PROBLEM STATEMENT: With the images removed, transcribe the listing that follows exactly.
[DATA EXTRACT]
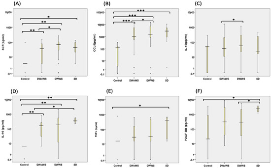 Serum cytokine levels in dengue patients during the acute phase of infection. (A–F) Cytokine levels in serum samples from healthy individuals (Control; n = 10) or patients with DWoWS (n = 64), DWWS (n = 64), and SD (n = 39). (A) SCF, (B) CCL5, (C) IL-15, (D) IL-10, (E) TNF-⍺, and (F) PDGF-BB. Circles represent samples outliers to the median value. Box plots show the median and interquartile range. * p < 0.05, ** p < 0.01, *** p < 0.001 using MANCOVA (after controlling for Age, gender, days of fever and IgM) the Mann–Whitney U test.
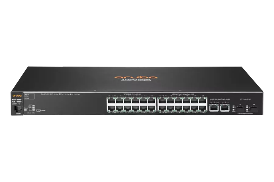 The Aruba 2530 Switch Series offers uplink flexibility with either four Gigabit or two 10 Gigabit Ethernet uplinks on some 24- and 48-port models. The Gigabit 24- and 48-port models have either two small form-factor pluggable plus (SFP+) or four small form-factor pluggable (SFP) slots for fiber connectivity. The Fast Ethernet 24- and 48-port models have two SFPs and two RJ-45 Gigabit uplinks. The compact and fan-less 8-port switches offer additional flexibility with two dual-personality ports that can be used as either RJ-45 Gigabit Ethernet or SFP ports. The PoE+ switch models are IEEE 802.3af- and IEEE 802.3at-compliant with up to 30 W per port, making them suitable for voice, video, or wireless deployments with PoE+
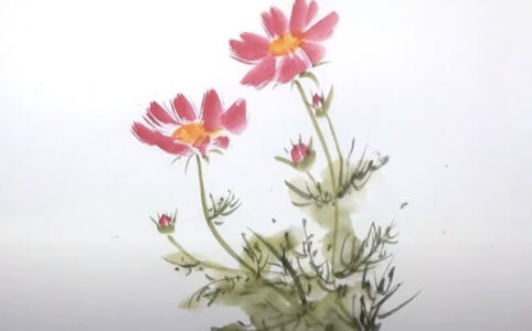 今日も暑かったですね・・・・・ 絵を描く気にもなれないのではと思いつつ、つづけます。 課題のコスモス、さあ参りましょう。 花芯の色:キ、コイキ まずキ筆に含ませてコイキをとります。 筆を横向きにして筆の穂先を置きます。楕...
[/DATA EXTRACT]
RESULT:
 Serum cytokine levels in dengue patients during the acute phase of infection. (A–F) Cytokine levels in serum samples from healthy individuals (Control; n = 10) or patients with DWoWS (n = 64), DWWS (n = 64), and SD (n = 39). (A) SCF, (B) CCL5, (C) IL-15, (D) IL-10, (E) TNF-⍺, and (F) PDGF-BB. Circles represent samples outliers to the median value. Box plots show the median and interquartile range. * p < 0.05, ** p < 0.01, *** p < 0.001 using MANCOVA (after controlling for Age, gender, days of fever and IgM) the Mann–Whitney U test.
 The Aruba 2530 Switch Series offers uplink flexibility with either four Gigabit or two 10 Gigabit Ethernet uplinks on some 24- and 48-port models. The Gigabit 24- and 48-port models have either two small form-factor pluggable plus (SFP+) or four small form-factor pluggable (SFP) slots for fiber connectivity. The Fast Ethernet 24- and 48-port models have two SFPs and two RJ-45 Gigabit uplinks. The compact and fan-less 8-port switches offer additional flexibility with two dual-personality ports that can be used as either RJ-45 Gigabit Ethernet or SFP ports. The PoE+ switch models are IEEE 802.3af- and IEEE 802.3at-compliant with up to 30 W per port, making them suitable for voice, video, or wireless deployments with PoE+
 今日も暑かったですね・・・・・ 絵を描く気にもなれないのではと思いつつ、つづけます。 課題のコスモス、さあ参りましょう。 花芯の色:キ、コイキ まずキ筆に含ませてコイキをとります。 筆を横向きにして筆の穂先を置きます。楕...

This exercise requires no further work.